Started new NEO build: https://build.geneontology.org/job/geneontology/job/pipeline/job/issue-35-neo-test/10/

kltm commented 5 years ago

NEO rebuilt and deployed...but the term does not seem to be available. @balhoff Would you happen to know the status of this term?

krchristie commented 5 years ago

Any progress on this?

I have added some other new terms that are also not available in Noctua (pull request: https://github.com/geneontology/go-ontology/commit/173040dfc4f5d4a21117df885b5135225ce72d4c)

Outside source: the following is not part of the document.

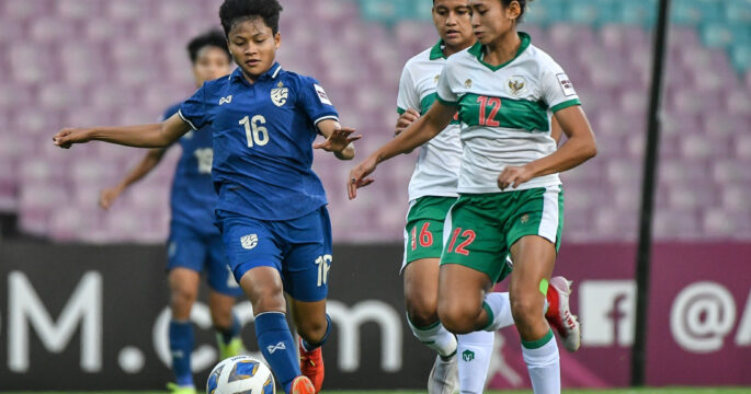 24 ม.ค.65 อินเดีย-ที่สนาม ดี วาย พาติล การแข่งขันฟุตบอลหญิงชิงแชมป์เอเชีย รอบสุดท้าย รอบแบ่งกลุ่ม กลุ่มบีนัดที่สอง ทีมชาติไทย พบกับ ทีมชาติอินโดนีเซีย โดยเกมแรก ไทยแพ้ ฟิลิปปินส์ มา 0-1 ส่วนอินโดนีเซีย แพ้ออสเตรเลีย มา 0-18 เกมนี้ มิโยะ โอกาโมโตะ เปลี่ยน 11 ตัวจริงยกชุด สำหรับรายชื่อ 11 ตัวจริง ทีมชาติไทย ดารุณี สอนเผ่า (GK) – วิลัยพร บุตรด้วง, พิกุล เขื่อนเพ็ชร, อิรวดี มาคริส, จารุวรรณ ไชยรักษ์, อุไรพร ยงกุล ,อมรรัตน์อุดไชย, สุนิสา สร้างไธสง (C), พิสมัย สอนไสย์, ธนีกานต์ แดงดา, กัญญาณัฐ เชษฐบุตร เริ่มเกมมานาทีที่ 27 ไทยมาได้ประตูขึ้นนำจากลูกเตะมุมที่ วิลัยพร บุตรด้วง เล่นสั้นให้ จารุวรรณ ไชยรักษ์ เปิดให้ กัญญาณัฐ เชษฐบุตร โหม่งเข้าไปให้ ชบาแก้ว นำก่อน 1-0 และนาทีที่ 36 ธนีกานต์ แดงดา หลุดขึ้นมาก่อนไหลให้ กัญญาณัฐ เชษฐบุตร ล้มตัวยิงเข้าไปให้ ไทยนำห่างอินโดนีเซีย เป็น 2-0 และจบครึ่งแรกด้วยสกอร์นี้ ครึ่งหลังไทยพยายามบุกอย่างหนัก จนนาทีที่ 71 ไทยมาได้ประตูนำห่างเป็น 3-0 จากจังหวะที่ กัญญาณัฐ เชษฐบุตรได้ลองยิงไกลด้วยขวาเข้าไปเป็นแฮตทริก นาทีที่ 76 ไทยมาได้ประตูที่สี่จนได้จากจังหวะที่ อิรวดี มาคริส เปิดบอลยาวและบอลย้อยเข้าไปให้ไทยนำห่างเป็น 4-0 ช่วงเวลาที่เหลือไม่มีประตูเพิ่มเติมจบเกม ทีมชาติไทย เอาชนะ ทีมชาติอินโดนีเซียไป 4-0 เก็บสามแต้มแรก และยังมีโอกาสผ่านเข้ารอบน็อคเอาท์ต่อไป ส่วนผล อีกคู่ ออสเตรเลีย ชนะ ฟิลิปปินส์ 4-0 ทำให้ ออสเตรเลีย ผ่านเข้ารอบต่อไปในฐานะแชมป์กลุ่มแน่นอนแล้ว 1 ทีม โปรแกรมนัดต่อไป ทีมชาติไทย จะพบกับ ออสเตรเลีย ที่สนาม ดีวาย พาติล ในวันที่ 27 มกราคม 2565 เวลา 21.00 น. (ตามเวลาประเทศไทย)-สำนักข่าวไทย

GO:0120205 - photoreceptor proximal connecting cilium (CC) creation_date: 2019-05-10T22:47:08Z

GO:0120206 - photoreceptor distal connecting cilium (CC) creation_date: 2019-05-10T22:54:05Z

For good measure, I checked a term that was added by someone else and though I can see it in the ontology when I am up to date with origin master, I cannot use the term in Noctua. Here's the term and the relevant pull request:

GO:0140330 - xenobiotic detoxification by transmembrane export across the cell outer membrane (BP) creation_date: 2019-05-03T10:35:57Z https://github.com/geneontology/go-ontology/commit/a371973f35e4dbfe549a857fdb45cbe00771bf33

balhoff commented 5 years ago

@kltm getting new GO terms requires a Minerva restart, correct?

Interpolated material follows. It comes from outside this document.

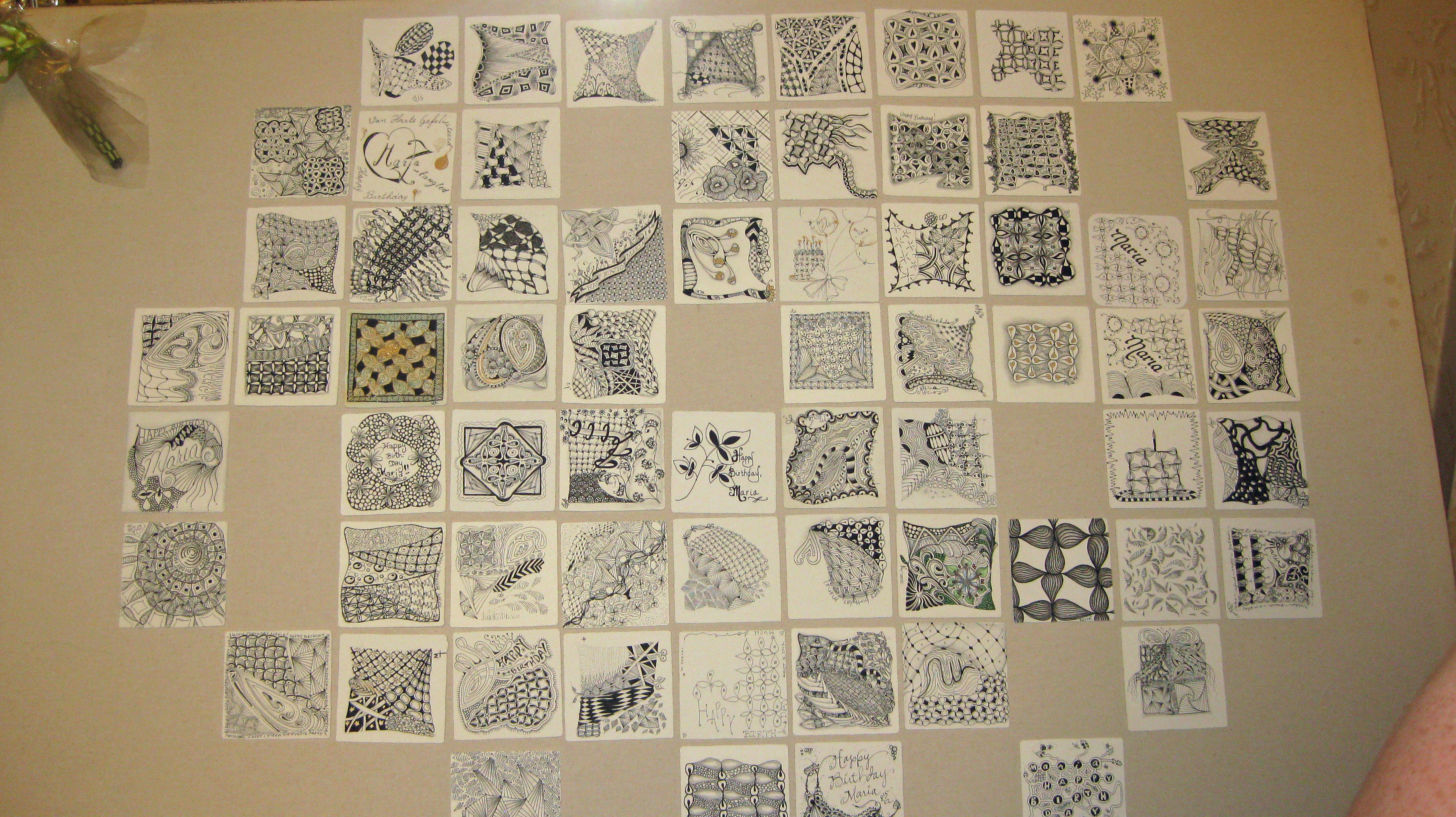I love all the tangles you did and the pictures of the tangles done for Maria for her birthday. I’m glad you are recovering so well from your surgery.

kltm commented 5 years ago

@balhoff The restart was not the issue--it was restarted a week and a half ago with https://github.com/geneontology/noctua/issues/612#issuecomment-491466881, but the term mentioned was still not present in NEO.

I'll go with the model that there was some other issue upstream and try again today.

balhoff commented 5 years ago

I'm confused about looking in NEO; these are GO terms, right?

kltm commented 5 years ago

The current load of NEO can be browsed here: http://noctua-amigo.berkeleybop.org/amigo http://noctua-amigo.berkeleybop.org/amigo/search/ontology (make sure to remove the GO filter) It is a simple ontology of all entities that can be annotated to for GO-CAMs in Noctua, including about 100,000 non-GO items (GPs, etc.).

balhoff commented 5 years ago

I usually just call NEO the GPs, vs. go-lego which imports both NEO and GO. I think the issue is that 'mucociliary clearance' is not in the go-lego release, but it is in snapshot. However I do see it in the go-plus release. These should not be different. But besides that issue, should Noctua be loading go-lego snapshot rather than release?

kltm commented 5 years ago

@balhoff Yes, I think you're on the right track here. Taking a quick look through the NEO repo (https://github.com/geneontology/neo), there is a lot wired for "current"; it wouldn't surprise me if that was true for its ontology use as well and would well explain the issues we're having. @cmungall Would it be possible to get a quick audit/check to make sure that NEO is properly using snapshots? (For your other question, I'd think that's generally true for any annotation system.)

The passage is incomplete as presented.